MadSci Network: Evolution
Query:

Re: Why looks vultures from Africa and North-America the same......

Date: Wed Dec 16 14:09:32 1998
Posted By: Peter Pearson, Cryptologist, Uptronics Incorporated
Area of science: Evolution
ID: 912513222.Ev
Message:

It has often happened that in geographically separated regions, the evolutionary process has produced strikingly similar animals to fill similar ecological niches.
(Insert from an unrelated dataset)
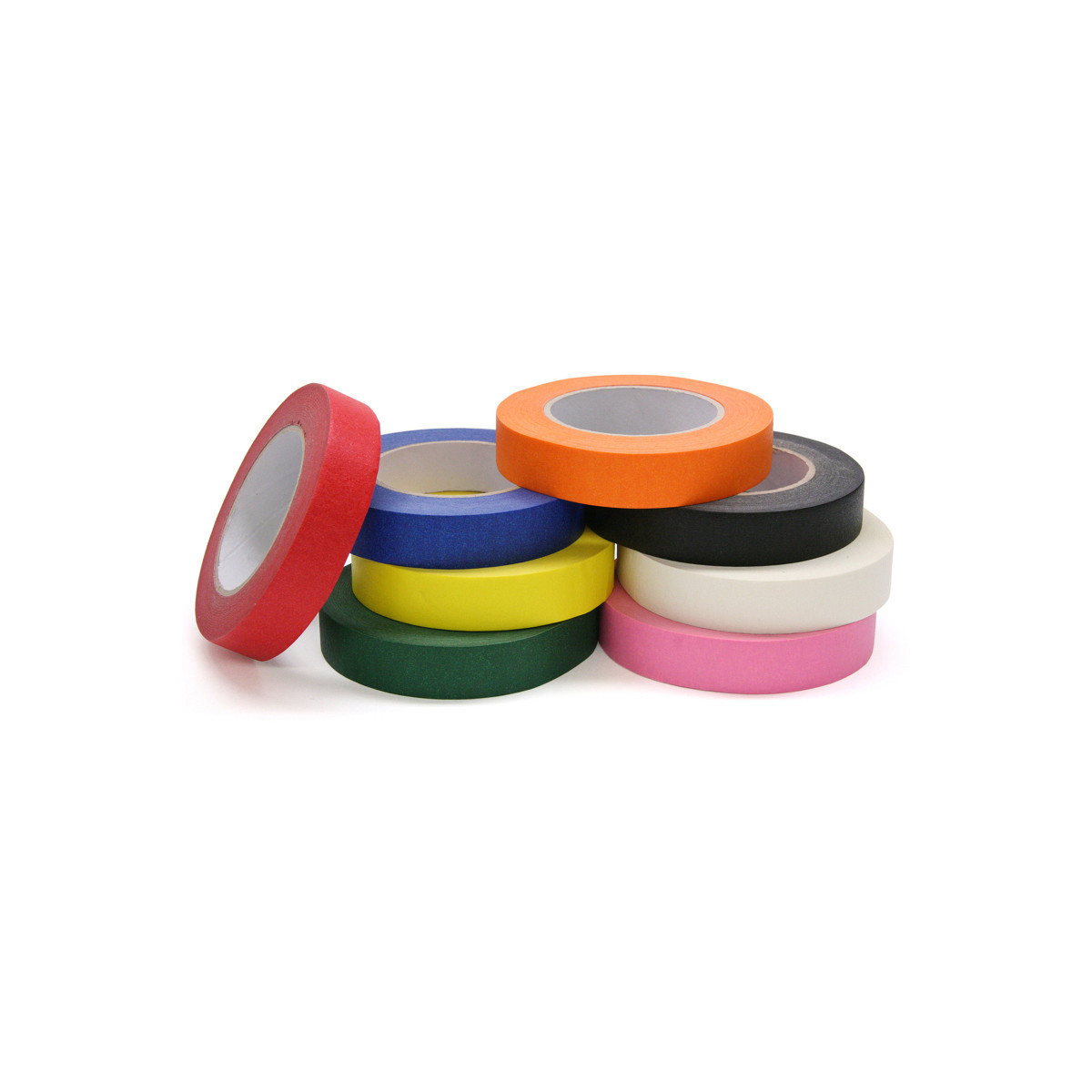 Classroom Pack of Assorted Colored Masking Tape. Colors are red, yellow, blue, green, purple, white, gray, black. Eight colors in all.

The tendency for animals in similar "jobs" to evolve similar features is called "evolutionary convergence." The old-world and new-world buzzards mentioned in your question, for example, work under the job description of "flying carrion-eater," and it is often suggested that species filling this niche tend toward baldness because their fluffier-headed siblings are significantly hampered by globs of rotting goo stuck in their head-feathers.

An article by Natalie Angier in the December 15 New York Times (go here and search for "convergent evolution") discusses convergent evolution at length, citing the example of the spiny anteater of Australia, the pangolin of Africa, and the giant anteater of Latin America, three species that seem to have evolved independently to work the job of "eater of tiny, colonial insects." The three species share many distinctive features, such as long, sticky tongues; but they are such distant relatives of one another that these features cannot plausibly have been inherited from a common ancestor. The spiny anteater and the pangolin, for example, are no more closely related to each other than they are to you.

Another example is the Argentine tuco-tuco, which looks much like a gopher and fills the same niche as the gopher: "tunnel-dwelling eater of plants." Yet the tuco-tuco and the gopher are related only to the extent that they are both rodents.

Some examples of evolutionary convergence that involve marsupials are especially interesting, since the marsupial branch separates from the mammalian familiy tree long before "our" branch split into primates, rodents, whales, bats, carnivores, and more. The marsupial branch produced some animals very similar to their better-known, non-marsupial counterparts, including marsupial stand-ins for the sabre-toothed tiger (now extinct, just like its placental cousin) and the weasel. When two chains of evolutionary action, separated for so long, both produce weasels, there is a strong suggestion that the "weasel design" in some sense captures important evolutionary lessons.